In April 2014, NASA scientists reported the possible beginning of a new moon within the A Ring, which was imaged by Cassini on 15 April 2013.[116]

الحلقات الكوكبية

The rings of Saturn (imaged here by Cassini in 2007) are the most massive and conspicuous in the Solar System.[43]

Saturn is probably best known for the system of planetary rings that makes it visually unique.[43] The rings extend from 6,630 to 120,700 kilometers (4,120 to 75,000 mi) outward from Saturn's equator and average approximately 20 meters (66 ft) in thickness. They are composed predominantly of water ice, with trace amounts of tholin impurities and a peppered coating of approximately 7% amorphous carbon.[117] The particles that make up the rings range in size from specks of dust up to 10 m.[118] While the other gas giants also have ring systems, Saturn's is the largest and most visible.
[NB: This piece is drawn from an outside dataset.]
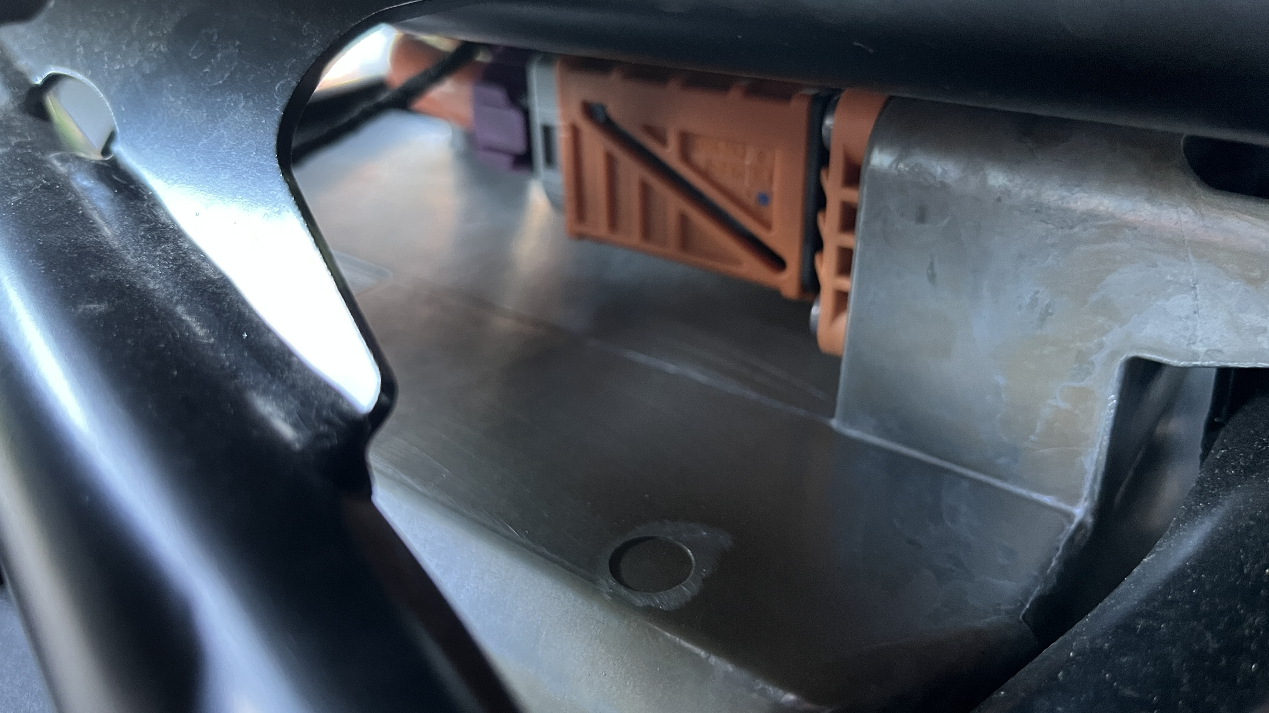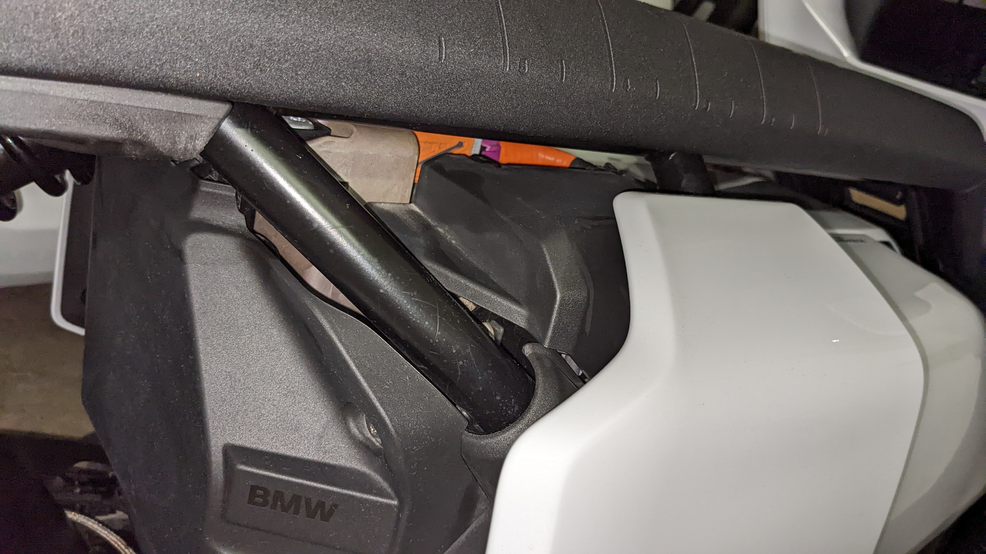 Heute steht mein Scooter schön in der Sonne am Großensee und ich schaue zufällig von der linken Seite unter den Sitz. Sah das nicht mal anders aus?

There are two main hypotheses regarding the origin of the rings. One hypothesis is that the rings are remnants of a destroyed moon of Saturn, for which a research team at MIT has proposed the name "Chrysalis".[119] The second hypothesis is that the rings are left over from the original nebular material from which Saturn was formed. Some ice in the E ring comes from the moon Enceladus's geysers.[120][121][122][123] The water abundance of the rings varies radially, with the outermost ring A being the most pure in ice water. This abundance variance may be explained by meteor bombardment.[124]

Beyond the main rings, at a distance of 12 million km from the planet is the sparse Phoebe ring. It is tilted at an angle of 27° to the other rings and, like Phoebe, orbits in retrograde fashion.[125]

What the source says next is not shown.